What this will do in practice is cut the seas from each other at channels, but not accross big spans of oceans.

Here it is in pseudocode:

function SegmentGraphCut(Map worldMap, int minimumSeaSize, int maximumCutSize)
    Graph graph = new Graph();
    // First, build the graph from the world map.
    foreach Cell cell in worldMap:
        // The graph only contains water nodes
        if not cell.IsWater():


        // Connect every water node to its neighbors
        foreach Cell neighbor in cell.neighbors:
            if not neighbor.IsWater():
                // The weight of an edge between water nodes should be related 
                // to how "similar" the waters are. What that means is up to you. 
                // The point is to avoid dividing bodies of water that are "similar"
                graph.AddEdge(cell, neighbor, ComputeWeight(cell, neighbor));

   // Now, subdivide all of the connected components recursively:
   List<Graph> components = graph.GetConnectedComponents();

   // The seas will be added to this list
   List<Graph> seas = new List<Graph>();
   foreach Graph component in components:
       GraphCutRecursive(component, minimumSeaSize, maximumCutSize, seas);

// Recursively subdivides a component using graph cut until all subcomponents are smaller 
// than a minimum size, or all cuts are greater than a maximum cut size
function GraphCutRecursive(Graph component, int minimumSeaSize, int maximumCutSize, List<Graph> seas):
    // If the component is too small, we're done. This corresponds to a small lake,
    // or a small sea or bay
    if(component.size() <= minimumSeaSize):

    // Divide the component into two subgraphs with a minimum border cut between them
    // probably using the Ford-Fulkerson algorithm
    [Graph subpartA, Graph subpartB, List<Edge> cut] = GetMinimumCut(component);

    // If the cut is too large, we're done. This corresponds to a huge, bulky ocean
    // that can't be further subdivided
    if (GetTotalWeight(cut) > maximumCutSize):
        // Subdivide each of the new subcomponents
        GraphCutRecursive(subpartA, minimumSeaSize, maximumCutSize);
        GraphCutRecursive(subpartB, minimumSeaSize, maximumCutSize);

EDIT: By the way, here's what the algorithm would do with your example with a minimum sea size set to around 40, with a maximum cut size of 1, if all the edge weights are 1:


By playing with the parameters, you can get different results. A maximum cut size of 3, for instance, would result in many more bays getting carved out from the main seas, and sea #1 would get subdivided in half north and south. A minimum sea size of 20 would result in the central sea getting divided in half as well.

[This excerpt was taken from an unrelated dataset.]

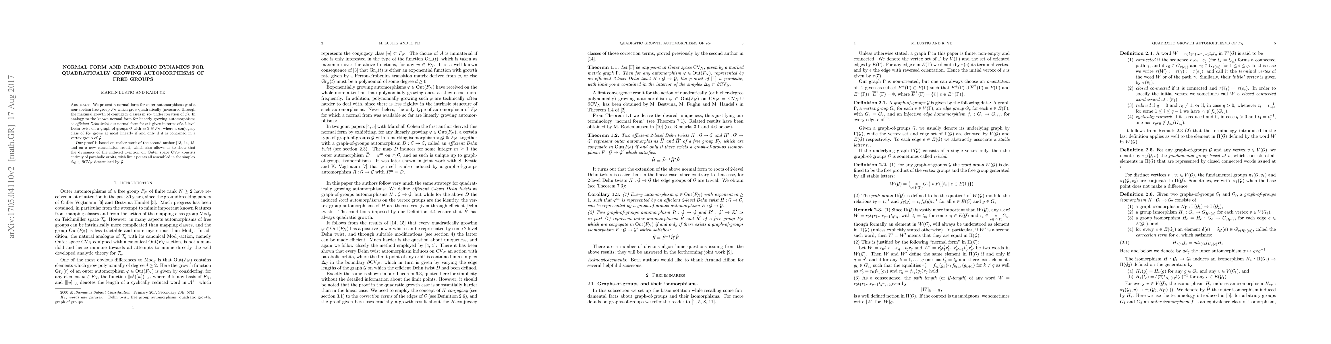 We present a normal form for outer automorphisms $\phi$ of a non-abelian free group $F_N$ which grow quadratically (measured through the maximal growth of conjugacy classes in $F_N$ under iteration of $\phi$). In analogy to the known normal form for linearly growing automorphisms as efficient Dehn twist, our normal form for $\phi$ is given in terms of a 2-level Dehn twist on a graph-of-groups $\cal{G}$ with $\pi_1 {\cal{G}} \cong F_N$, where a conjugacy class of $F_N$ grows at most linearly if and only if it is contained in a vertex group of $\cal{G}$. Our proof is based on earlier work of the second author and on a new cancellation result, which also allows us to show that the dynamics of the induced $\phi$-action on Outer space $CV_N$ consists entirely of parabolic orbits, with limit points all assembled in the simplex $\Delta_{\cal{G}} \subset \partial CV_N$ determined by $\cal{G}$.

  • \$\begingroup\$ seems powerful. definitely thought inducing. \$\endgroup\$
    – v.oddou
    Commented Dec 17, 2014 at 1:35
  • \$\begingroup\$ Thank you so much for this post. I managed to get something reasonable from your example \$\endgroup\$ Commented Jun 19, 2015 at 21:13

A quick and dirty way to identify a separate but connected body of water would be to shrink all water bodies and see if gaps appear.

In the example above I think that removing all water tiles which have 2 or less water tiles connected to them (marked red) would provide you with the desirable result plus some edge noise. After you have labeled the bodies, you can "flow" the water to its original state and reclaim the removed tiles for the now separate bodies.

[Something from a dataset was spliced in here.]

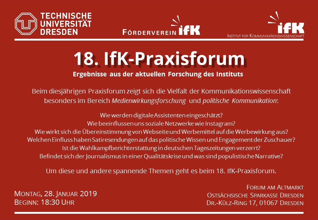 Wir freuen uns sehr, wenn wir Sie beim 18. Praxisforum, am 28.01.2019, ab 18:30 Uhr ins Forum am Altmarkt, Ostsächsische Sparkasse Dresden, Dr. Külz Ring 17, 01067 begrüßen dürfen!
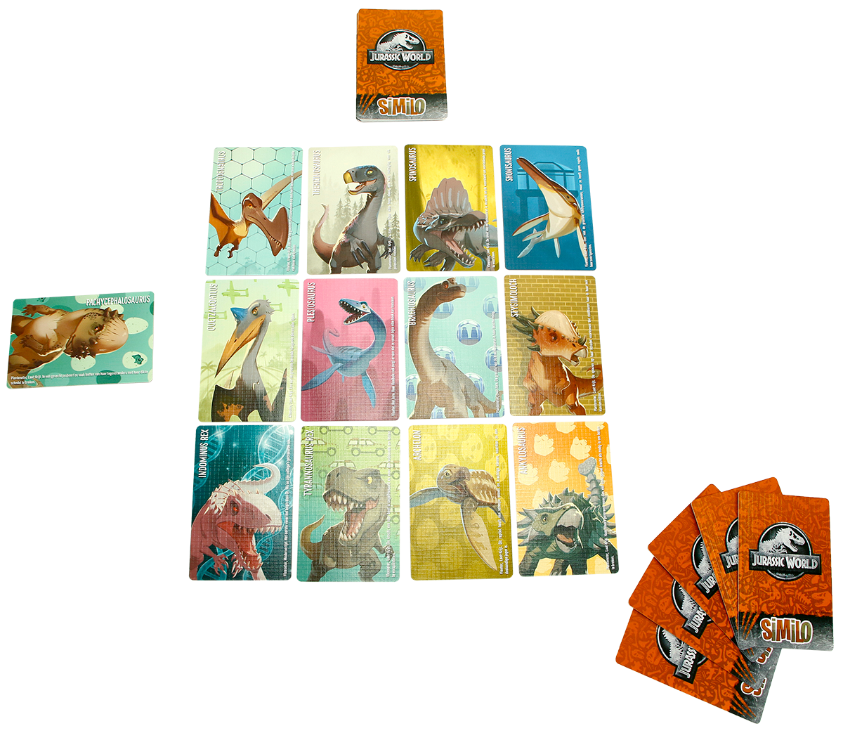 In deze editie van Similo moet je gezamenlijk uit 12 dino’s de juiste vinden. Per beurt geeft de spelleider zonder te praten een hint met een nieuwe kaart. Heeft de dino die je zoekt een vergelijkbare vorm of dezelfde kleur? Of juist niet? Alleen als je de hints snapt, kun je Similo winnen.

enter image description here

Again, this is a quick and dirty solution, it might not be good enough for the later stages of production but it will suffice to "get this working for now" and move on to some other feature.

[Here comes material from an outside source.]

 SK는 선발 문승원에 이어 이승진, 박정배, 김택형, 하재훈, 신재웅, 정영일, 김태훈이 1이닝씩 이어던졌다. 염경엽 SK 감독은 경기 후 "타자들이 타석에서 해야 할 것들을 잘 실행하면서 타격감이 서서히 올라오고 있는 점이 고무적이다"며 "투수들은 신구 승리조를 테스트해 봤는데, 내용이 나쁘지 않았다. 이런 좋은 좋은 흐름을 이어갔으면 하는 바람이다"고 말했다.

Here's a complete algorithm that I think should produce good results.

  1. Perform morphological erosion on the water area — that is, make a copy of the map on which each tile is considered water only if it and all of of its neighbors (or a larger area, if you have rivers wider than one tile) are water. This will result in all rivers disappearing entirely.

    (This will consider the islanded water in the left part of your inland sea to be rivers. If this is a problem, you could use a different rule such as the one vrinek's answer proposes instead; the following steps will still work as long as you have some kind of “delete rivers” step here.)

  2. Find the connected water components of the eroded map and give each one a unique label. (I assume you already know how to do this.) This now labels everything but rivers and shore water (where the erosion had an effect).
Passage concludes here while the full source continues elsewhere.